I first tried a message with the system and assistant prompt and got the following error

 ⨯ node_modules/@anthropic-ai/sdk/error.mjs (36:19) @ APIError.generate
 ⨯ 400 {"type":"error","error":{"type":"invalid_request_error","message":"messages: Unexpected role \"system\". The Messages API accepts a top-level `system` parameter, not \"system\" as an input message role."}}
null

I tried again this just an assistant message

 ⨯ node_modules/@anthropic-ai/sdk/error.mjs (36:19) @ APIError.generate
 ⨯ 400 {"type":"error","error":{"type":"invalid_request_error","message":"messages: first message must use the \"user\" role"}}
null

Finally, I tried with no initial chat messages and it worked. More discrepancies between models.
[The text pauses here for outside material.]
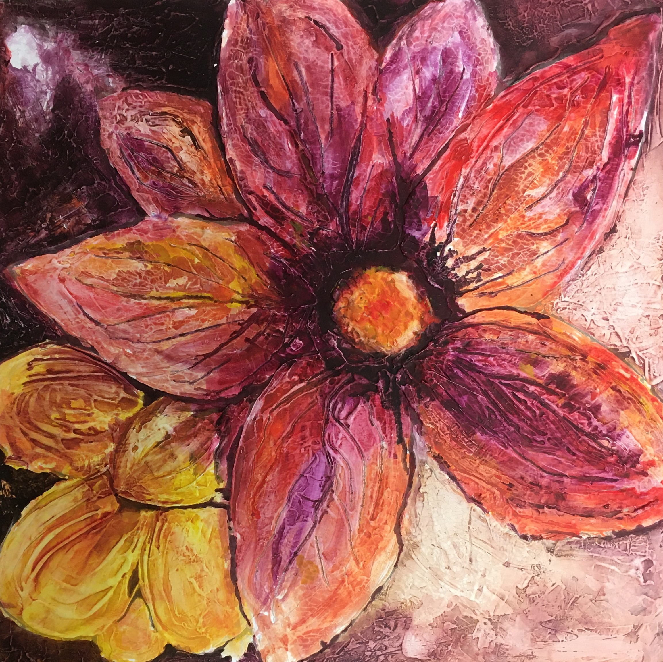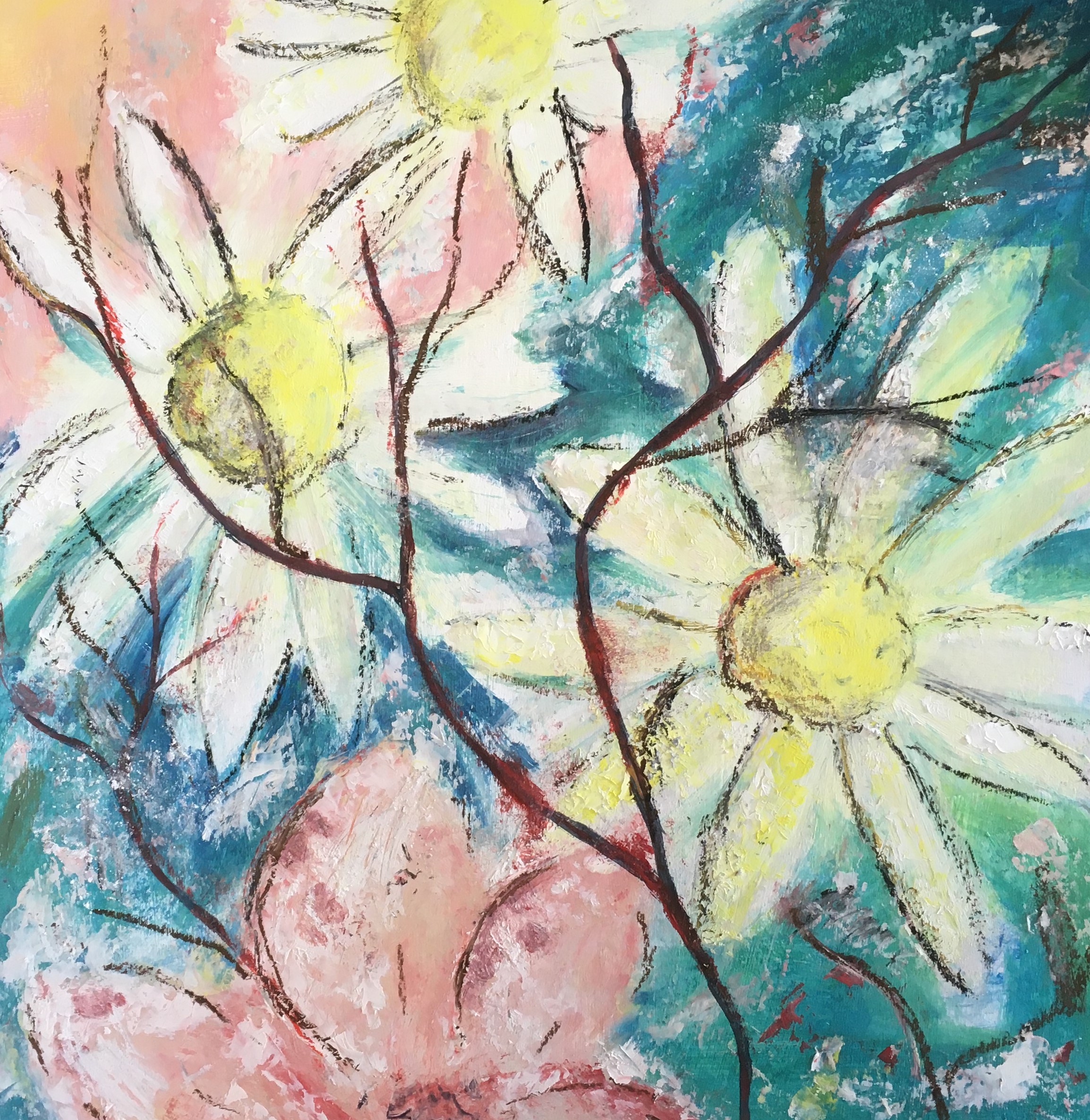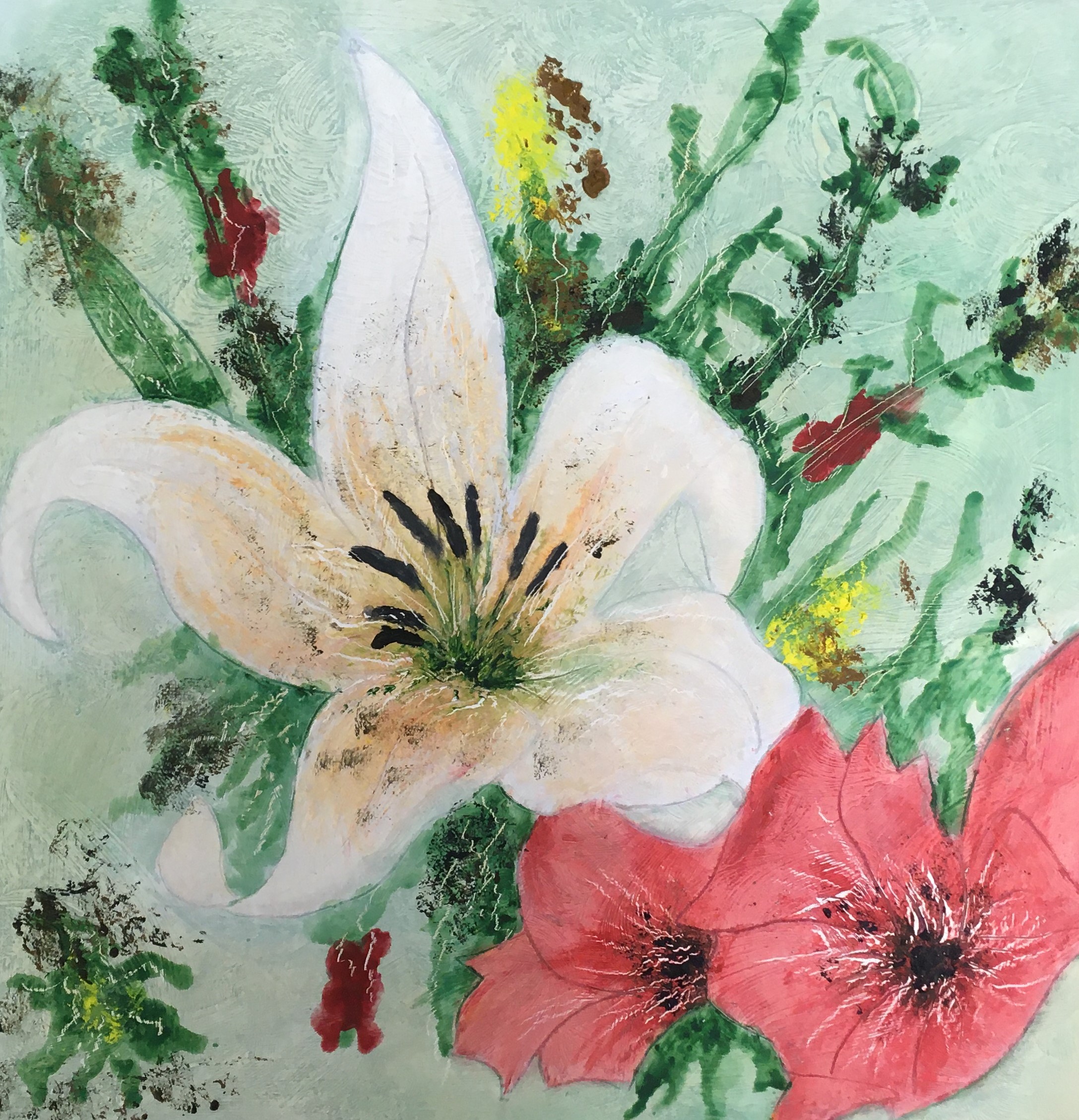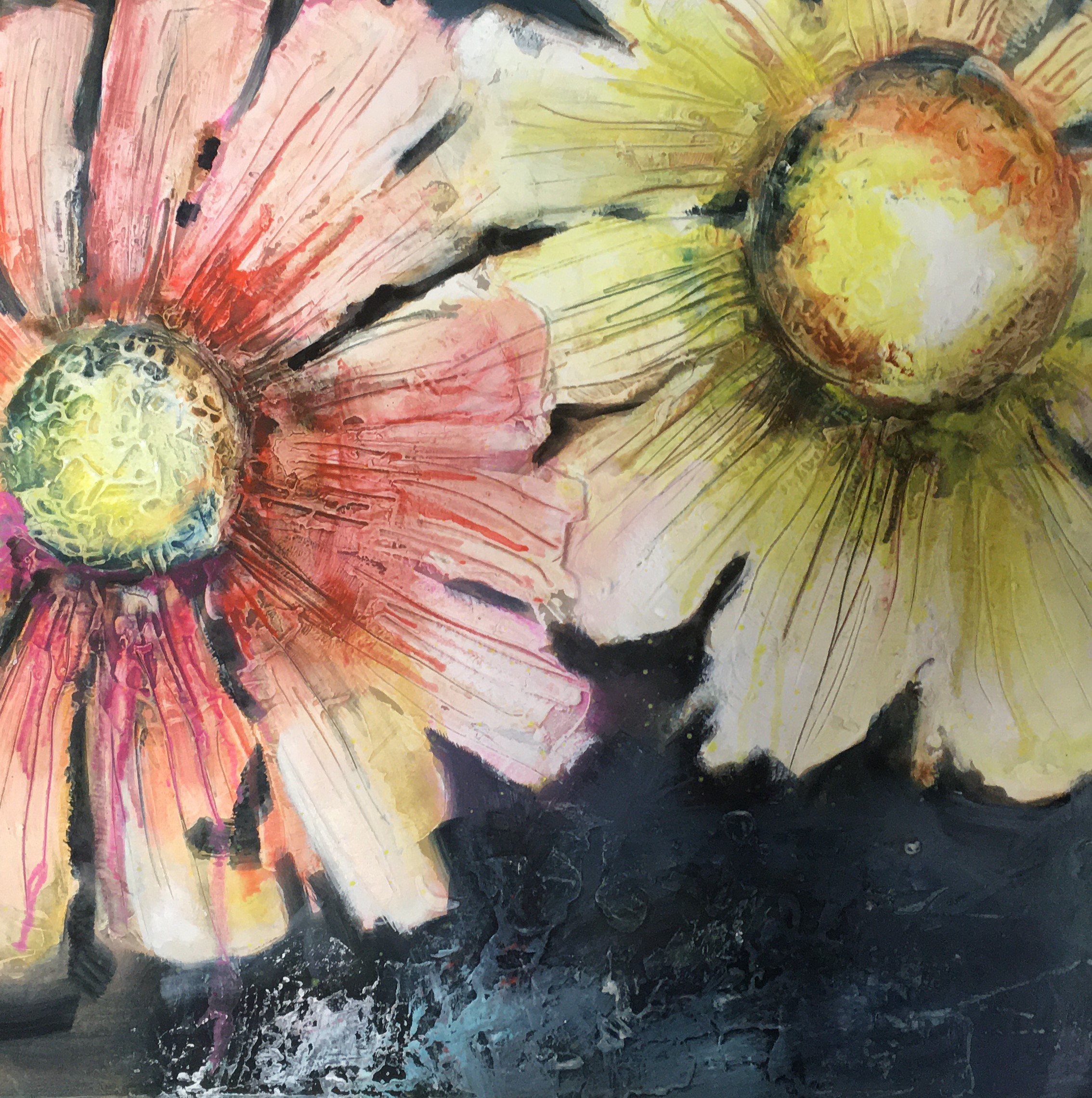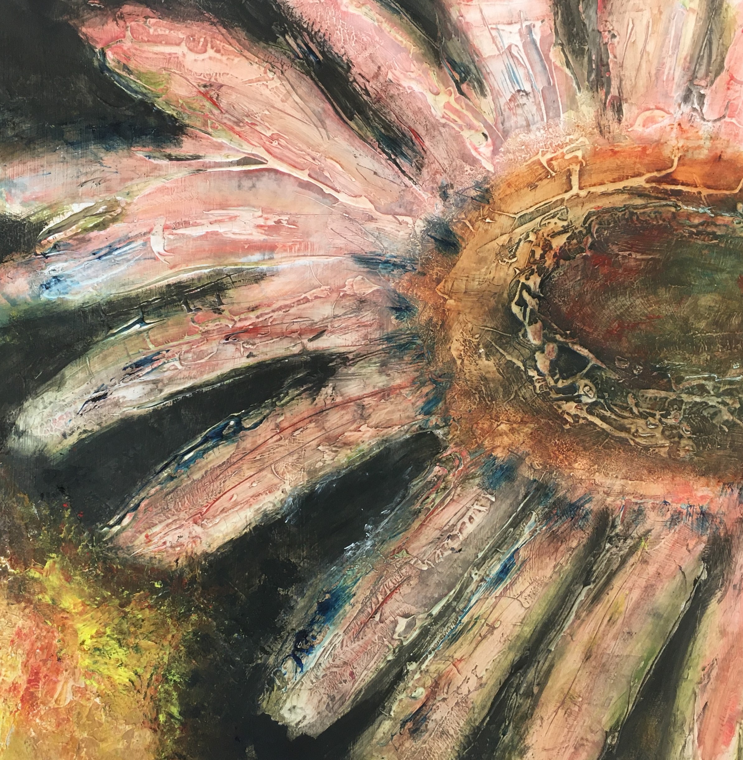 Extrait d’un bouquet de fleur – Travail à la brosse sur fond texturé

Unfortunately, models aren’t quite plug and play. Further complicating this situation is the fact the prompts aren’t quite portable between models either – something I learned testing data extraction techniques with gpt-3.5 and gpt-4. The behavior of different models using the same prompt seems to be pretty inconsistent. Despite these challenges, the ai library is a huge help in building language model-based applications relative to the status-quo. Big thanks to Vercel for their work on this library. It’s helped me a lot.